Press Releases

Attorney General William Tong

04/03/2020

Attorney General Tong Joins Fight to Stop Texas from Blocking Abortions During Coronavirus Pandemic

Multistate Coalition Files Amicus Brief Against Texas’ Unconstitutional Ban on Essential Reproductive Health Care

(Hartford, CT) – Attorney General William Tong today joined a coalition of 19 attorneys general in filing an amicus brief supporting the plaintiffs in Planned Parenthood v. Abbott in the U.S. Court of Appeals for the Fifth Circuit. The brief opposes the Texas directive banning nearly all abortion services in the state, using the coronavirus disease 2019 (COVID-19) public health crisis as an excuse.

“Reproductive health care is an essential medical service. A global pandemic is not an opportunity to deny women their constitutional right to choice,” said Attorney General Tong. “Women in Texas cannot wait until this crisis is over to seek medical care.”

On Sunday, March 22, Texas Governor Greg Abbott issued Executive Order GA-09, “postpon[ing] all surgeries and procedures that are not immediately medically necessary” in the state of Texas for at least 30 days. The next day, Texas Attorney General Ken Paxton announced that the executive order banned abortion services unless the life of the mother was in jeopardy. The executive order also states that any health care worker caught defying the order could be fined up to $1,000 and/or imprisoned in jail for up to 180 days.

Last Wednesday, a lawsuit was filed by the Center for Reproductive Rights, Planned Parenthood Federation of America, and the Lawyering Project in the U.S. District Court for the Western District of Texas, which called on the courts to immediately issue a temporary restraining order blocking the ban.

Earlier this week, District Court Judge Lee Yeakel issued a temporary restraining order that stopped the abortion ban from taking effect, stating, “Regarding a woman’s right to a pre-fetal-viability abortion, the Supreme Court has spoken clearly. There can be no outright ban on such a procedure.” Judge Yeakel continued, “This court will not speculate on whether the Supreme Court included a silent ‘except-in-a-national-emergency clause’ in its previous writings on the issue.

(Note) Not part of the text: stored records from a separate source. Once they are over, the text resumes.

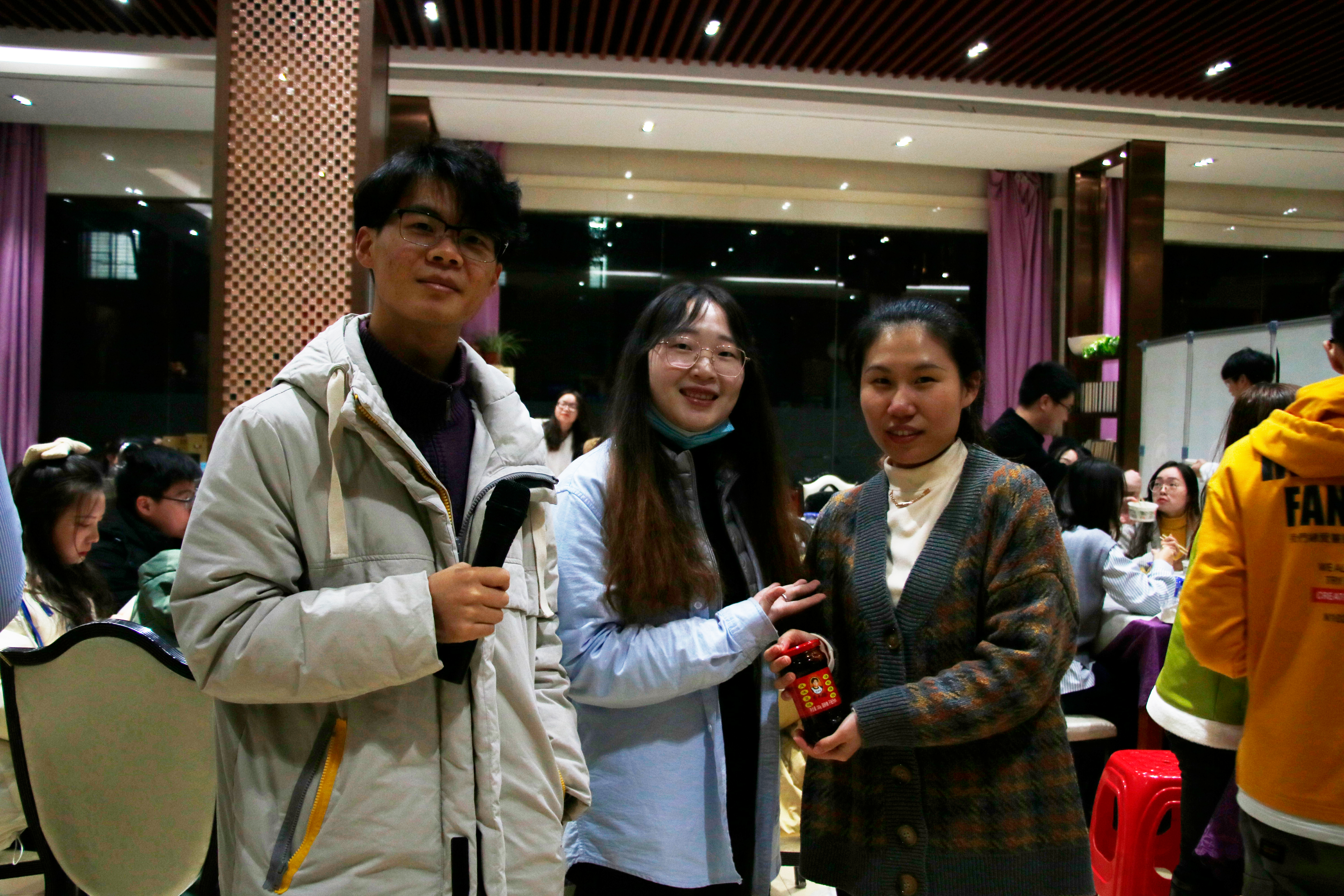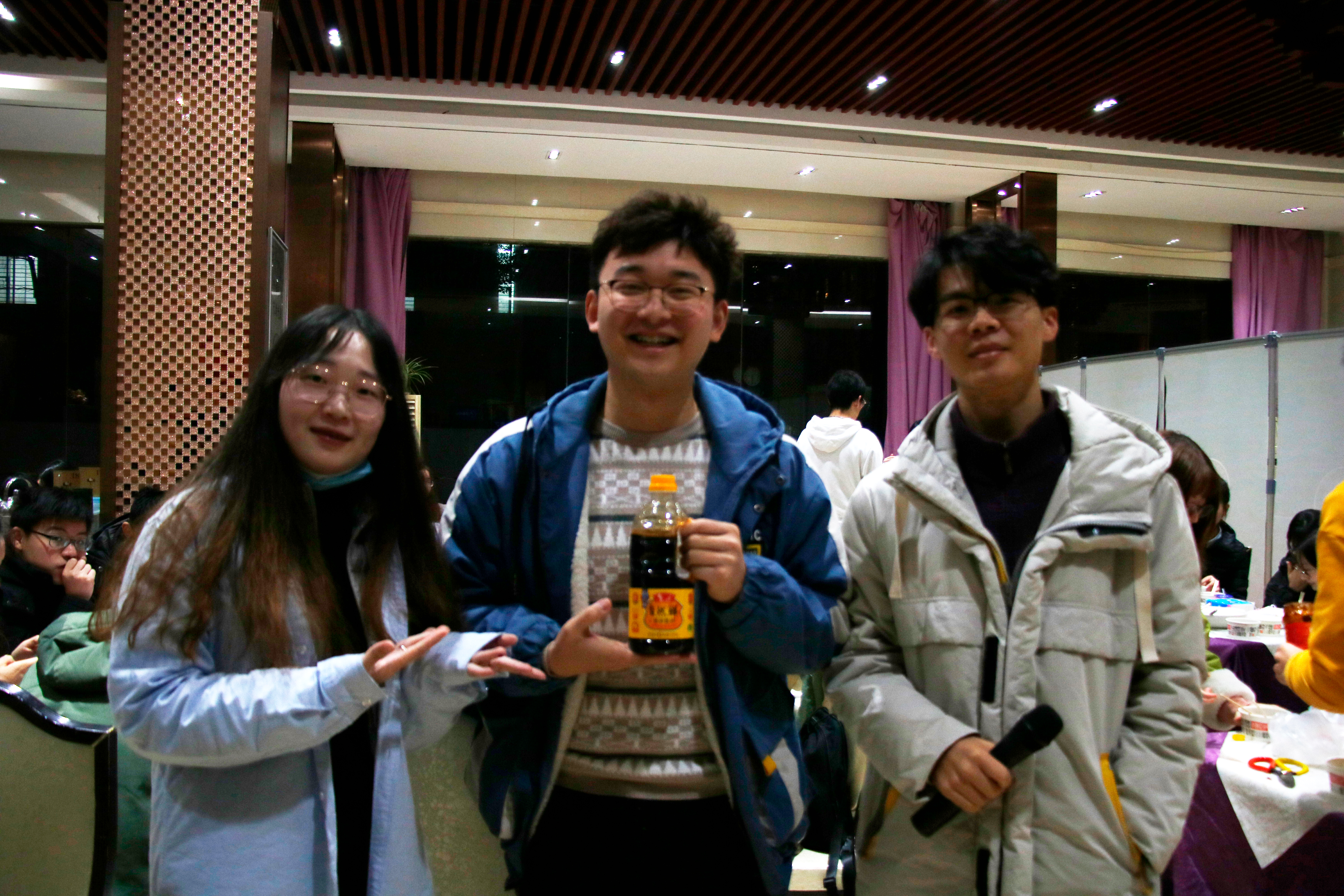 随后,研会主席团在众多饺子中评出趣味饺子冠军和幸运饺子冠军,获奖的同学高兴地上台领奖。在等待煮饺子间隙,大家一起做小游戏。研会部员芳芳还为大家清场一曲。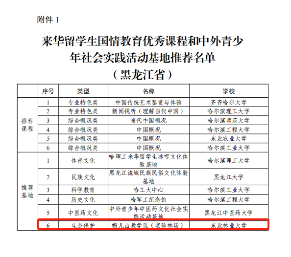 Entrusted by the Department of International Cooperation and Exchanges of the Ministry of Education, the China Education Association for International Exchange launched a nationwide call in 2024 to select the first group of Outstanding Courses for National Conditions Education for International Students in China and Social Practice Activity Bases for Chinese and Foreign Youth. Following NEFU’s application and recommendation from the Heilongjiang Provincial Department of Education, the Mao’er Mountain Teaching Area (Experimental Forest Farm, hereinafter referred to as the “Teaching Area”) of NEFU was successfully selected as one of the first 115 national Social Practice Activity Bases for Chinese and foreign youth. Additionally, the Mao’er Mountain Teaching Area was also chosen as a “Perceive China” Practice Base by the China Scholarship Council in 2024.
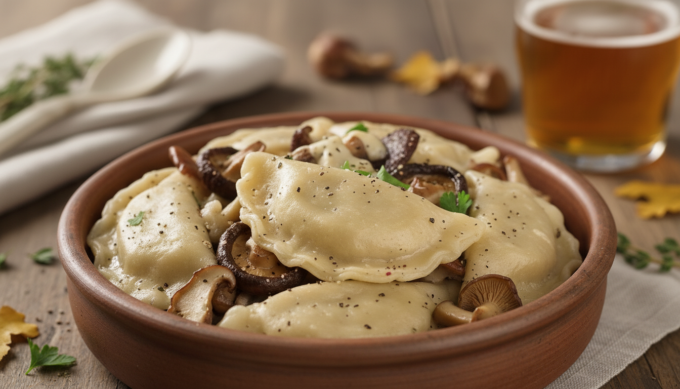 ВАРЕНИКИ З ГРИБАМИ ТА ГОЛЛАНДСЬКИМ СИРОМ 14.50€ / кг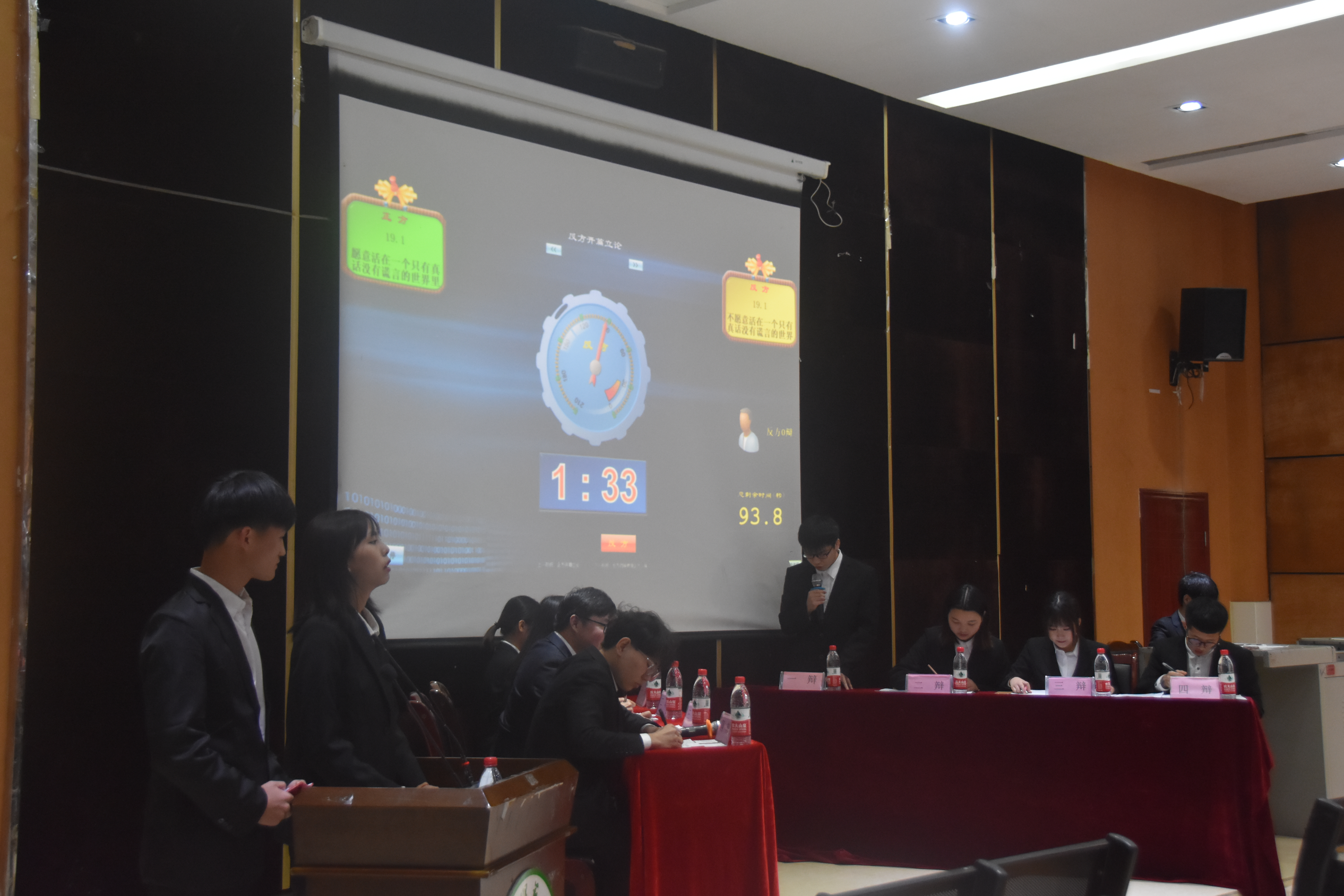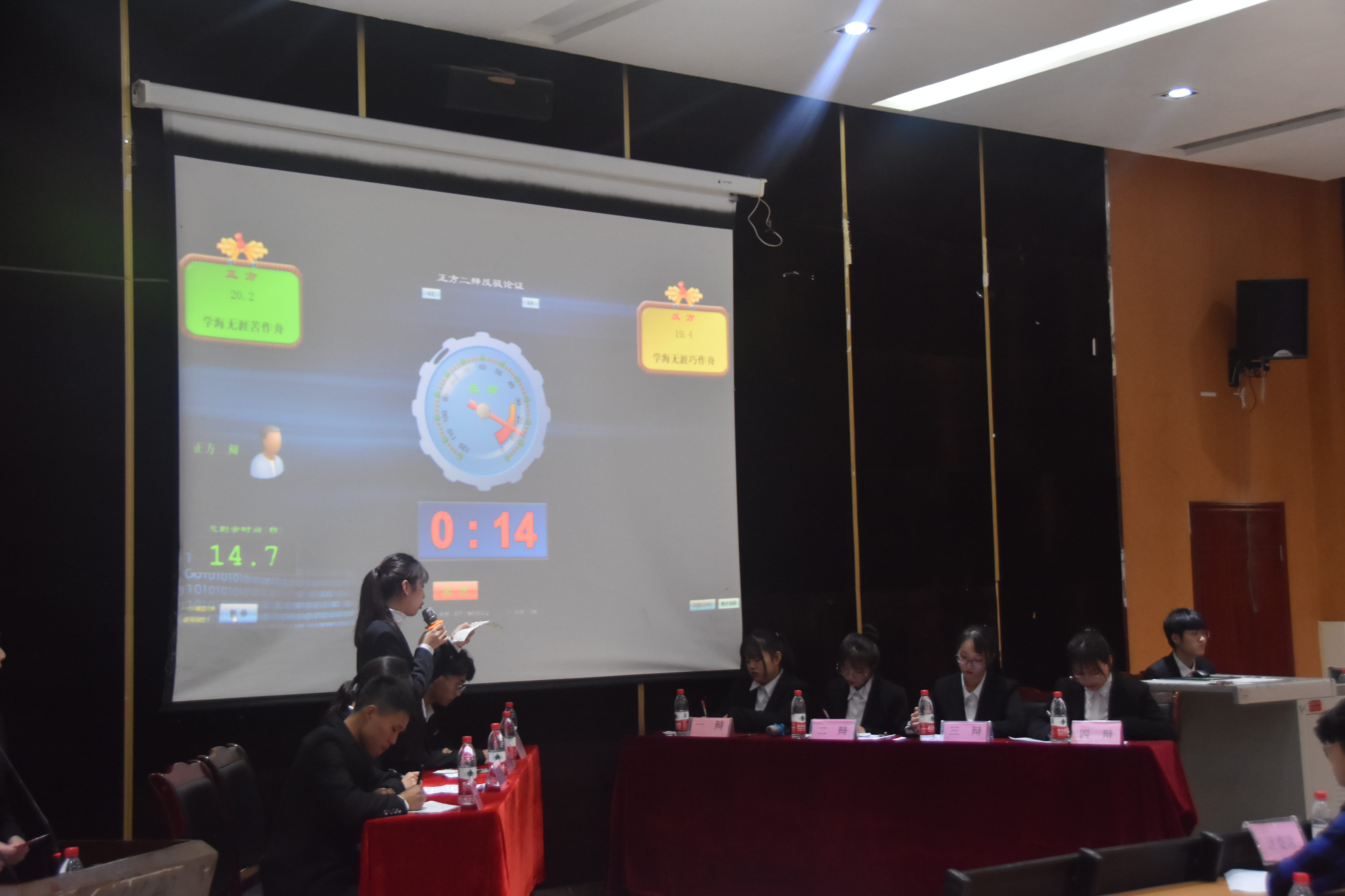 本次辩论赛是辩论赛举办以来参赛队伍最多的一次,共有18支队伍参赛,同时评比方式也改为积分制,最终根据积分获得前三名的队伍是:19级1班侯祥宇队11分,19级4班陶聃队10分,19级1班刘国巧队8分。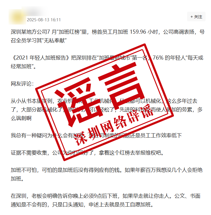 近日,一則《關(guān)于加班的通報(bào)表?yè)P(yáng)》在社交平臺(tái)引發(fā)熱議。部分網(wǎng)帖將涉事企業(yè)與深圳強(qiáng)行關(guān)聯(lián),冠以“深圳某公司”名義進(jìn)行傳播,并稱深圳存在普遍的加班現(xiàn)象。經(jīng)核實(shí),涉事企業(yè)非深圳企業(yè)。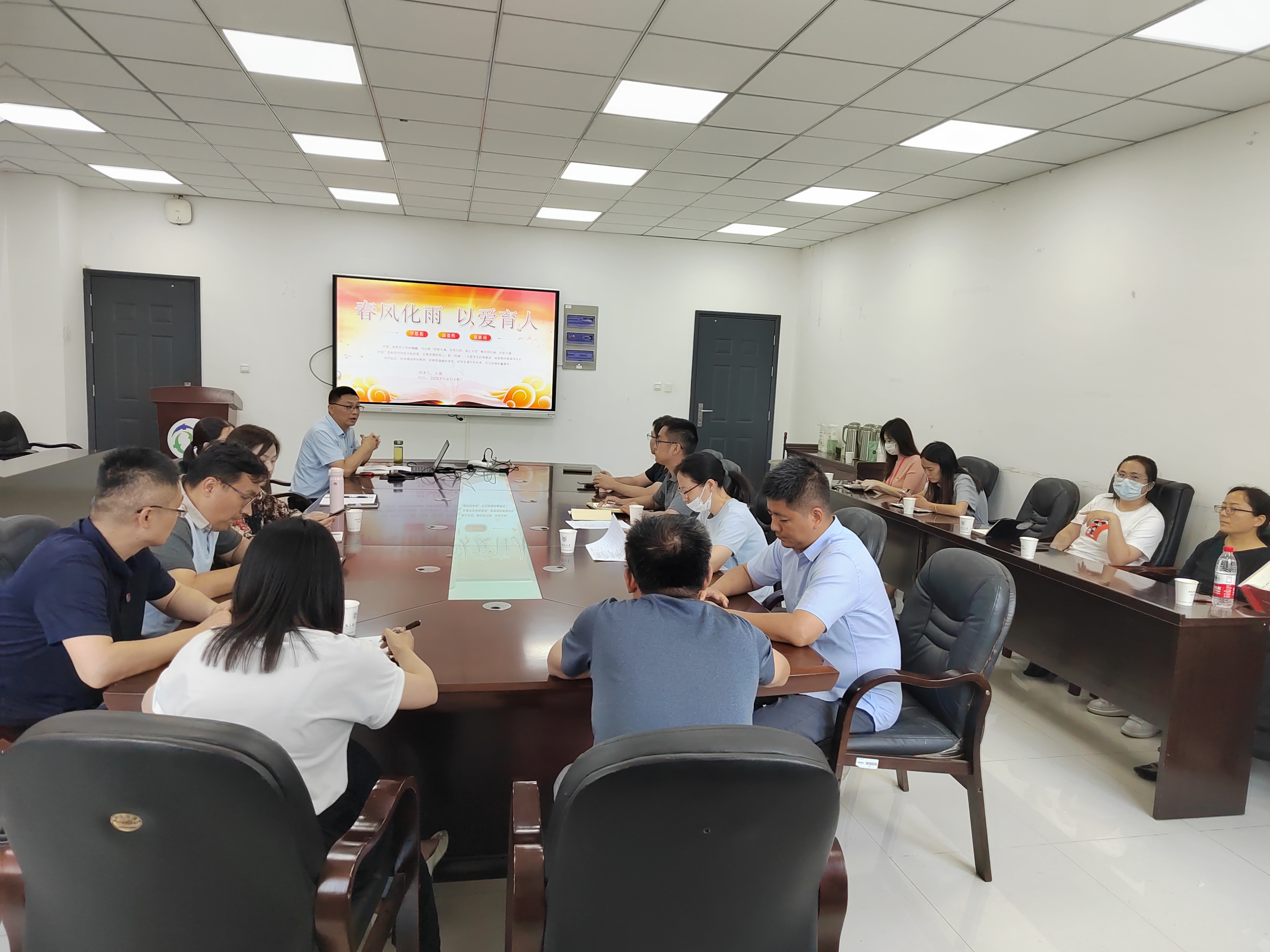 6月14日,厂长资源 、人工智能学院党委书记张翼以《春风化雨以爱育人》为题开展主题教育专题党课,学院电气工程系、教工一支部党员教师参加学习,校监督检查组柏杨参会指导。

Only the Supreme Court may restrict the breadth of its rulings.”

The very next day — following a request by Texas — the U.S. Court of Appeals for the Fifth Circuit halted the district court’s decision, effectively reinstituting the ban on abortions in Texas. According to news reports, women in Texas have already been turned away when seeking an abortion because of the directive.

In the amicus brief — led by New York Attorney General Letitia James — the coalition argues that reproductive health care is an “essential medical service” that should be available to women, despite the ongoing public health emergency and that Texas’s “prohibition blocks the exercise of a woman’s constitutional right to access abortion.” Although Texas claims that its abortion ban is needed to conserve limited personal protective equipment (PPE), “most pre-viability abortions do not use PPE or hospital services, and thus restricting such abortions does not appreciably preserve those resources.”

The coalition goes on to argue, at a time when the entire U.S. population is being asked to limit travel, any restriction on abortions could force “women to seek those services in other states, thereby increasing the potential for transmission of COVID-19 and for burdening petitioners’ hospital facilities and PPE supplies.” Further, the coalition contends that residents of Connecticut and other amici states may currently be in Texas without a way to return home, but they still have a right to time-sensitive reproductive care.

The coalition concludes by arguing that “a public health crisis should not be used as an excuse to deny women ‘an ability to control their reproductive lives,’” and that any ban on abortion — even for a matter of weeks — can end up restricting a woman’s “constitutional right to choose to terminate a pregnancy prior to fetal viability,” especially in states, like Texas, which already have limited timetables in place for electing to have an abortion.

Attorney General Tong joins Attorney General James and the attorneys general of California, Colorado, Delaware, Hawai‘i, Illinois, Maine, Massachusetts, Minnesota, Nevada, New Mexico, Oregon, Pennsylvania, Rhode Island, Vermont, Virginia, Washington, and the District Of Columbia in filing today’s amicus brief.